Why saving into a pension in your 20s is important

Listed Under: News

Why saving into a pension in your 20s is important

 We have put together a list of 5 helpful tips to consider to make sure you get the most out of your retirement: 


1. Start saving as soon as possible. In your 20s your retirement may be the last thing on your mind but the earlier you set aside money the less daunting it will become; it will reduce the pressure to have a reasonable pot. 


Study by Guided Outcomes and Hymans Robertson stated to have an income of £20,000 a year in retirement you would need to put aside roughly £250 a month from the age of 25. However, if you delay this to the age of 35 than the figure goes up to a little more than £400 a month. 


2. Benefitting from Tax Relief. When you pay into your pension the government will add tax relief on to your contribution at the highest rate of income tax you pay. 


Therefore, if you are a basic rate taxpayer you will receive 20% tax relief on top of your pension contributions for example: if you pay £50 into your pension, the government will add £12.50 making your pension contribution £62.50. 


3. Take advantage of your workplace pension. You will be automatically enrolled at 22 and if you earn at least £10,000 per year. From the 6th April 2019 your employer must make a minimum contribution of 3% of your qualifying earnings and you will pay 5%. Some employers will increase their contribution if you do, so it is worth finding this out. 

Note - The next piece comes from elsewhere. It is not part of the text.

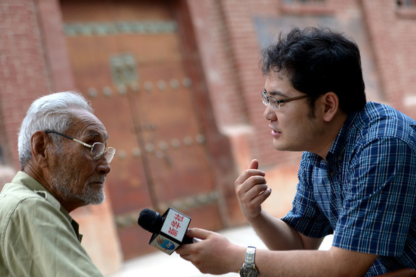 圖為2015年7月,陳晨(右)在陜西省涇陽(yáng)縣采訪抗戰(zhàn)老兵寧西珍。

4. More freedom to choose your funds. Saving for your pension earlier will be a long-term investment therefore gives you the opportunity to be more adventurous with your fund choices. With the benefit of time on your side this will allow you to ride out any volatility in the market whilst benefiting from potentially higher growth rates. 


5. Speak to a financial adviser. A study conducted by the International Longevity Centre UK found that those who received professional financial advice between 2001 and 2006 where better off by £47,706 than those who didn’t. Therefore, speaking to a financial adviser can help you set financial goals for the long term and plan how to achieve them.